> DATA:
###

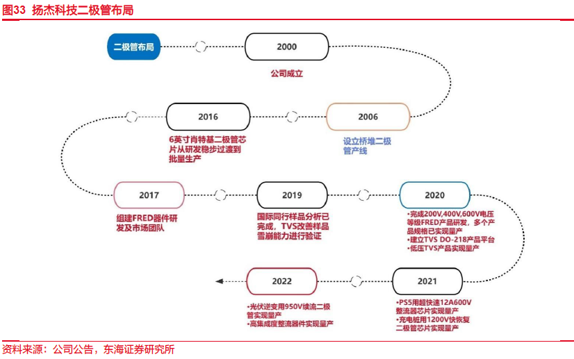 (1)扬杰科技是国内二极管市场龙头,扎根二极管领域逐渐发展壮大。根据芯谋研究数据,2019年扬杰科技在功率二极管市场中国排名第一,全球第四,国内市占率为13.5%,在二极管整流桥细分领域全球市占率高达20.5%,成为全球第一,在整流快恢复二极管、肖特基二极管、TVS细分领域中表现也较好,全球市占率分别为4.0%、6.3%、5.7%,在光伏二极管领域市占率和产能均全球第一。在投资者互动平台,公司表示在光伏接线盒旁路二极管领域的市场占有率已超过30%。根据公司2023年半年报,2023年上半年光伏二极管业务同比增长20%以上。公司2006年正式设立扬杰科技,自建桥堆二极管产线,2008年设立4英寸产线主攻光伏二极管成为IDM光伏二极管厂商后逐步扩大业务范围。之后公司继续在光伏二极管产品类型上进行突破,2022年公司使用950V快速恢复二极管(FRD)芯片的光伏逆变用950V续流二极管产品实现批量生产,高集成整流器件也实现批量生产。
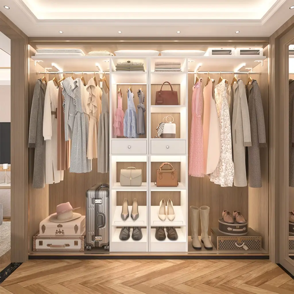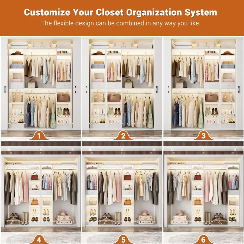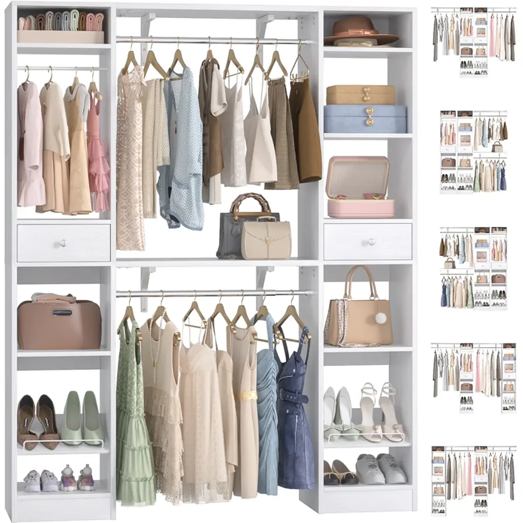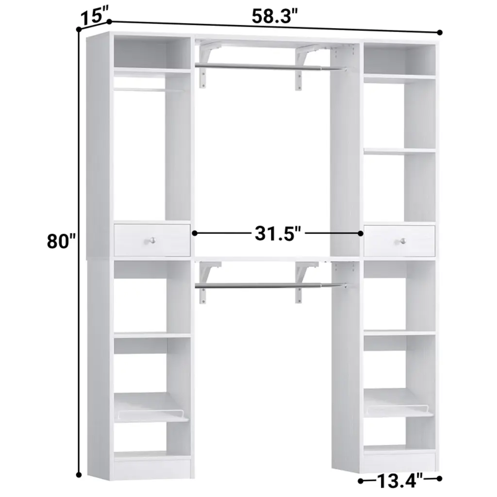 This closet system is thoughtfully designed to maximize storage efficiency. It boasts 3 hanging rods, 11 spacious shelves, and 2 versatile drawers, providing ample space to accommodate a wide range of clothing and accessories. The generous size and diverse storage options make it an ideal solution for both children and adults. The hanging rods and shelves offer flexibility in organizing, allowing you to customize the space to suit your needs. Whether you want to save space, hang more clothes, or adapt to the size of your home, this closet system is the perfect choice for optimizing your storage solutions.
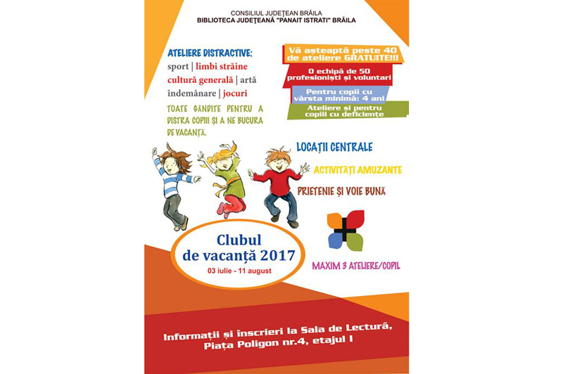 Biblioteca Judeţeană “Panait Istrati” Brăila organizează şi în acest an ediţia de vară a Clubului de Vacanţă. Pentru al patrulea an consecutiv, instituţia de cultură oferă copiilor urbei o seamă de activităţi de petrecere a timpului liber şi de învăţare prin joc, în cadrul CLUBULUI DE VACANŢĂ.
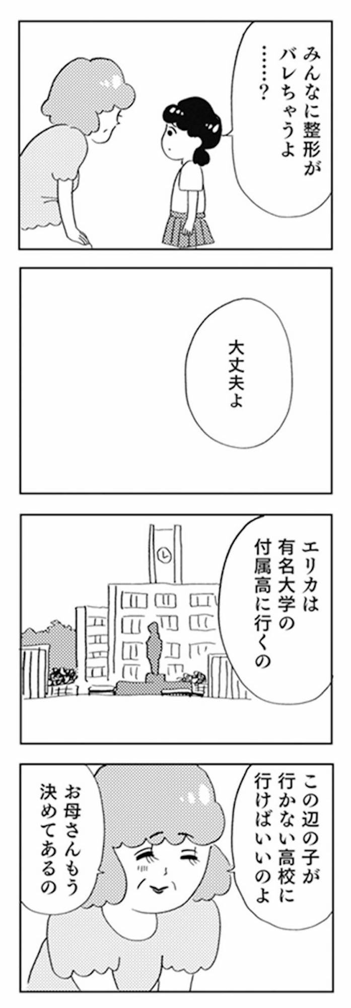 「女の子は可愛くないと」母に容姿をはじめて否定された小学校低学年【親に整形させられた私が母になる #3】 2025.12.13 LIFE 試し読みマンガ親子関係親に整形させられた私が母になる エリカの場合 試し読みマンガ試し読み ▶Renta!『親に整形させられた私が母になる エリカの場合』 ▶30日間無料▶ Amazonの読み放題をチェック! 【99円で2カ月間】 Audible が無制限で聴ける! ▶楽天KOBO 初回購入金額のポイント最大70倍! スポンサーリンク 次のページへ >> 1 2 3 【注目の記事】 「その顔がむかつくんだよ!」仁王立ちで怒鳴り、時には首に包丁まで… 妻の激情に怯える夫と子ども。「それでも別れられなかった」理由とは お仕事世代の30~50代がもれなく悩む「睡眠」。つけるだけで丁寧に伴走してくれるガーミンのフィットネスGPSウォッチ「Venu 4」の「超絶実力」 気をつけて!「最近なんだか、疲れやすい」オトナ世代の女性が見落としがちな「病気」とは つい毎日やりがち。肌年齢マイナス14歳美容のプロがやめてよかった、睡眠の質を落とす夜の習慣2つ 48歳、高コスパコートをマネキン買いしたばかりのPTA中受ママが「羽織るだけでコーデ偏差値が爆上がりする」アイテムに出会ってしまい この記事は OTONA SALONE4 スポンサーリンク スポンサーリンク 【人気の関連記事】 40代。もう私、いつ死んだっていい気がするけど | あした死ぬには、#1 突然の病気。更年期障害。取れない疲労、お金の不安、これからの人生の迷い……。40代がぶち当たる「壁」をあまりにもリアルに描き出し、熱く静かな共感をさらった雁須磨子さ… 人前では「完璧な夫婦」を演じる夫。普段は私を無視してるって、誰も知らない【女40代はおそろしい#11】 40歳・フリーデザイナーの丸山ふさ子。 夫との攻防戦の末、「共働きだけど夫のほうが家事育児多め」という関係にやっとたどり着く。バリキャリ会社員のまい、起業家のかお… 年齢、たまに忘れてない?アラフォーあるあるが「共感しかない」と話題 「最近、若い頃と比べて何かが違う……」そんなモヤモヤを抱えているアラフォーのみなさん、必見!イラストレーターのRingoman(@ringo_fashion)さんがインスタグラムに投稿…

###

> EXERCISE DESCRIPTION:
Every line of the material should be repeated precisely; pictures are to be excluded.

> TASK SOLUTION:
 (1)扬杰科技是国内二极管市场龙头,扎根二极管领域逐渐发展壮大。根据芯谋研究数据,2019年扬杰科技在功率二极管市场中国排名第一,全球第四,国内市占率为13.5%,在二极管整流桥细分领域全球市占率高达20.5%,成为全球第一,在整流快恢复二极管、肖特基二极管、TVS细分领域中表现也较好,全球市占率分别为4.0%、6.3%、5.7%,在光伏二极管领域市占率和产能均全球第一。在投资者互动平台,公司表示在光伏接线盒旁路二极管领域的市场占有率已超过30%。根据公司2023年半年报,2023年上半年光伏二极管业务同比增长20%以上。公司2006年正式设立扬杰科技,自建桥堆二极管产线,2008年设立4英寸产线主攻光伏二极管成为IDM光伏二极管厂商后逐步扩大业务范围。之后公司继续在光伏二极管产品类型上进行突破,2022年公司使用950V快速恢复二极管(FRD)芯片的光伏逆变用950V续流二极管产品实现批量生产,高集成整流器件也实现批量生产。
 This closet system is thoughtfully designed to maximize storage efficiency. It boasts 3 hanging rods, 11 spacious shelves, and 2 versatile drawers, providing ample space to accommodate a wide range of clothing and accessories. The generous size and diverse storage options make it an ideal solution for both children and adults. The hanging rods and shelves offer flexibility in organizing, allowing you to customize the space to suit your needs. Whether you want to save space, hang more clothes, or adapt to the size of your home, this closet system is the perfect choice for optimizing your storage solutions.
 Biblioteca Judeţeană “Panait Istrati” Brăila organizează şi în acest an ediţia de vară a Clubului de Vacanţă. Pentru al patrulea an consecutiv, instituţia de cultură oferă copiilor urbei o seamă de activităţi de petrecere a timpului liber şi de învăţare prin joc, în cadrul CLUBULUI DE VACANŢĂ.
 「女の子は可愛くないと」母に容姿をはじめて否定された小学校低学年【親に整形させられた私が母になる #3】 2025.12.13 LIFE 試し読みマンガ親子関係親に整形させられた私が母になる エリカの場合 試し読みマンガ試し読み ▶Renta!『親に整形させられた私が母になる エリカの場合』 ▶30日間無料▶ Amazonの読み放題をチェック! 【99円で2カ月間】 Audible が無制限で聴ける! ▶楽天KOBO 初回購入金額のポイント最大70倍! スポンサーリンク 次のページへ >> 1 2 3 【注目の記事】 「その顔がむかつくんだよ!」仁王立ちで怒鳴り、時には首に包丁まで… 妻の激情に怯える夫と子ども。「それでも別れられなかった」理由とは お仕事世代の30~50代がもれなく悩む「睡眠」。つけるだけで丁寧に伴走してくれるガーミンのフィットネスGPSウォッチ「Venu 4」の「超絶実力」 気をつけて!「最近なんだか、疲れやすい」オトナ世代の女性が見落としがちな「病気」とは つい毎日やりがち。肌年齢マイナス14歳美容のプロがやめてよかった、睡眠の質を落とす夜の習慣2つ 48歳、高コスパコートをマネキン買いしたばかりのPTA中受ママが「羽織るだけでコーデ偏差値が爆上がりする」アイテムに出会ってしまい この記事は OTONA SALONE4 スポンサーリンク スポンサーリンク 【人気の関連記事】 40代。もう私、いつ死んだっていい気がするけど | あした死ぬには、#1 突然の病気。更年期障害。取れない疲労、お金の不安、これからの人生の迷い……。40代がぶち当たる「壁」をあまりにもリアルに描き出し、熱く静かな共感をさらった雁須磨子さ… 人前では「完璧な夫婦」を演じる夫。普段は私を無視してるって、誰も知らない【女40代はおそろしい#11】 40歳・フリーデザイナーの丸山ふさ子。 夫との攻防戦の末、「共働きだけど夫のほうが家事育児多め」という関係にやっとたどり着く。バリキャリ会社員のまい、起業家のかお… 年齢、たまに忘れてない?アラフォーあるあるが「共感しかない」と話題 「最近、若い頃と比べて何かが違う……」そんなモヤモヤを抱えているアラフォーのみなさん、必見!イラストレーターのRingoman(@ringo_fashion)さんがインスタグラムに投稿…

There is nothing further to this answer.